** Exercise details **
Restate the listing below word for word, omitting any images.

** Exercise data **
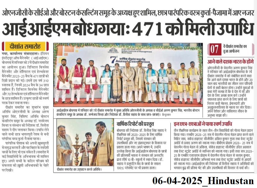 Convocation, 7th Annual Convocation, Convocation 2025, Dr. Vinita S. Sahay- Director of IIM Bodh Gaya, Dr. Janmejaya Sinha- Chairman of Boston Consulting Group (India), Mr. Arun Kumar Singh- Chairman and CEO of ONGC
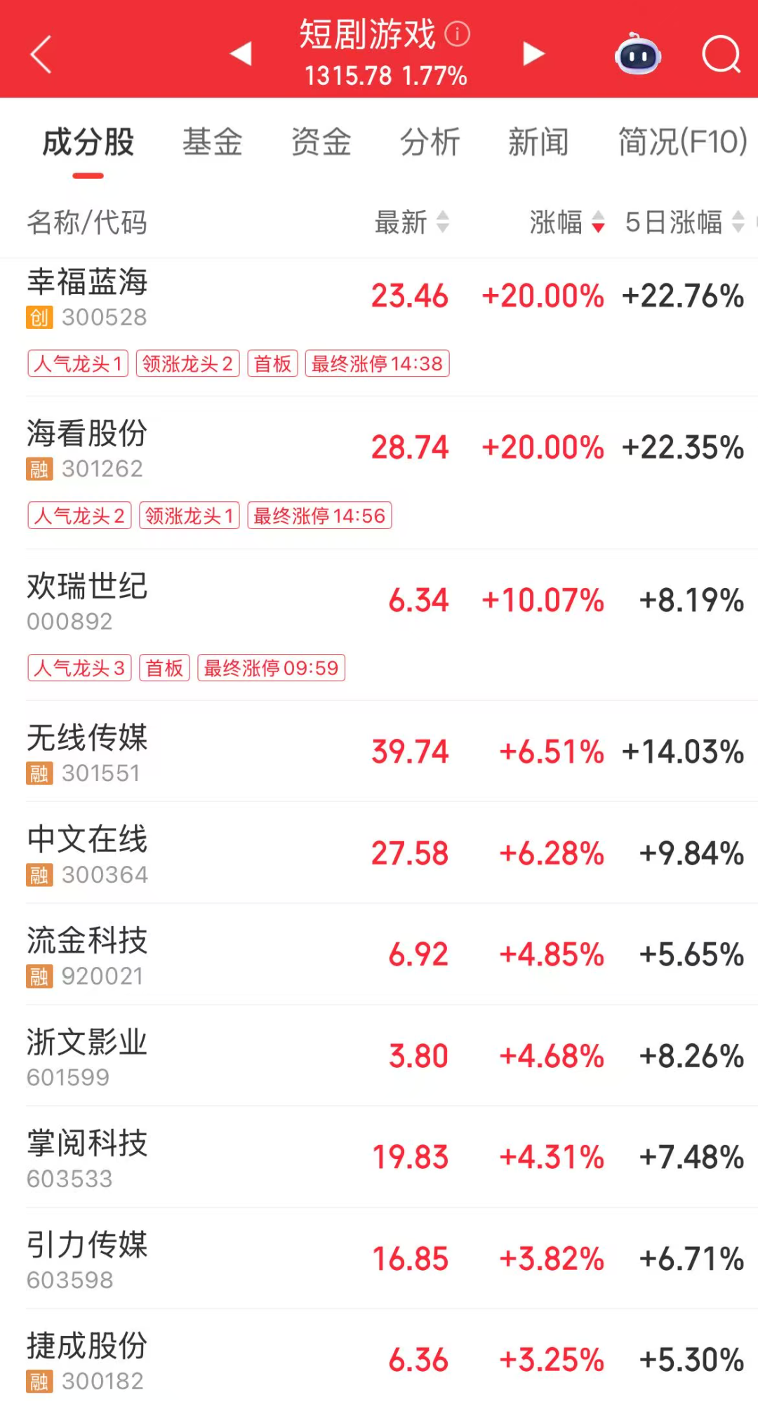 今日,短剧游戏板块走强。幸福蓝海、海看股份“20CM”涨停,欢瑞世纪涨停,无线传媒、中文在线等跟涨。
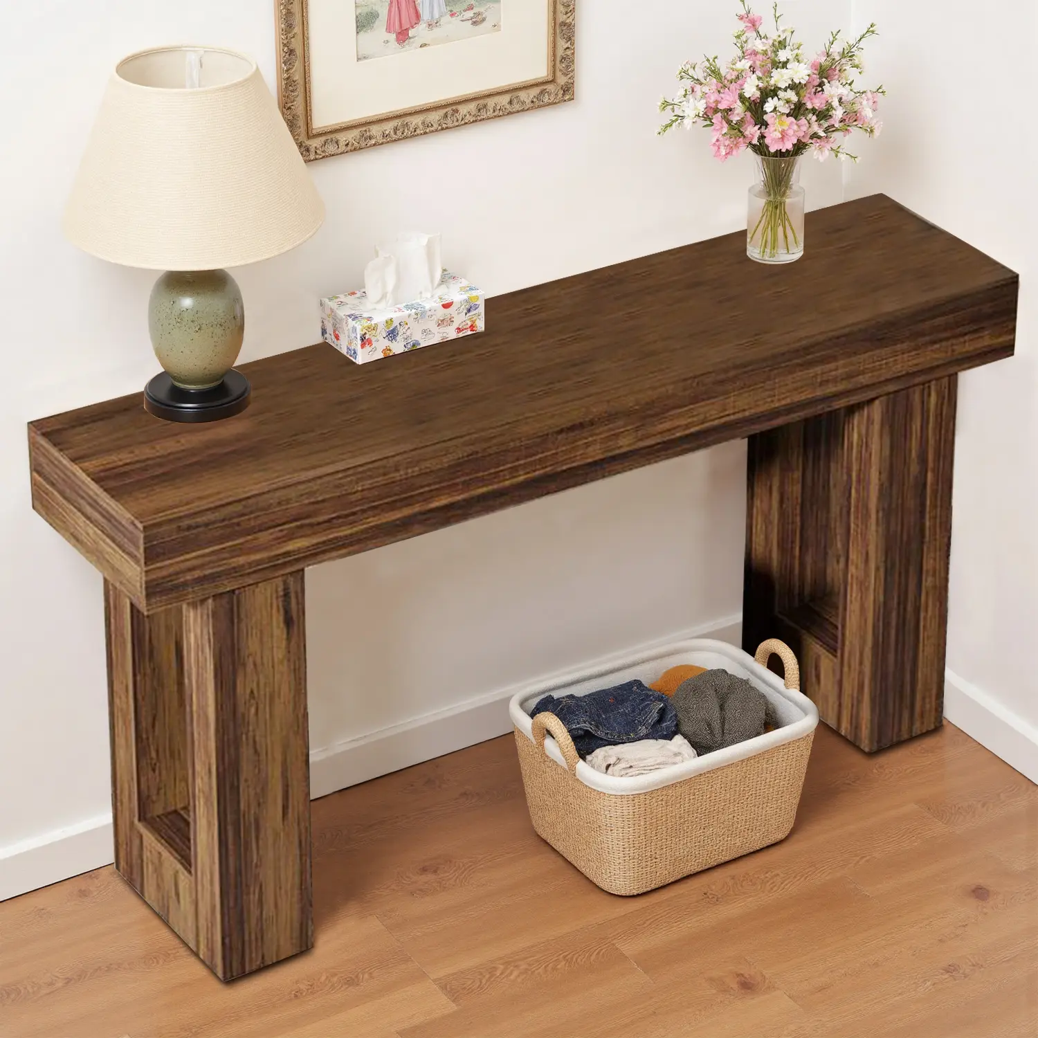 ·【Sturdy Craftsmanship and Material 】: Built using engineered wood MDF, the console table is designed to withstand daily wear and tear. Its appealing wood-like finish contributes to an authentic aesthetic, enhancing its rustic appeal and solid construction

** Result of this exercise **
 Convocation, 7th Annual Convocation, Convocation 2025, Dr. Vinita S. Sahay- Director of IIM Bodh Gaya, Dr. Janmejaya Sinha- Chairman of Boston Consulting Group (India), Mr. Arun Kumar Singh- Chairman and CEO of ONGC
 今日,短剧游戏板块走强。幸福蓝海、海看股份“20CM”涨停,欢瑞世纪涨停,无线传媒、中文在线等跟涨。
 ·【Sturdy Craftsmanship and Material 】: Built using engineered wood MDF, the console table is designed to withstand daily wear and tear. Its appealing wood-like finish contributes to an authentic aesthetic, enhancing its rustic appeal and solid construction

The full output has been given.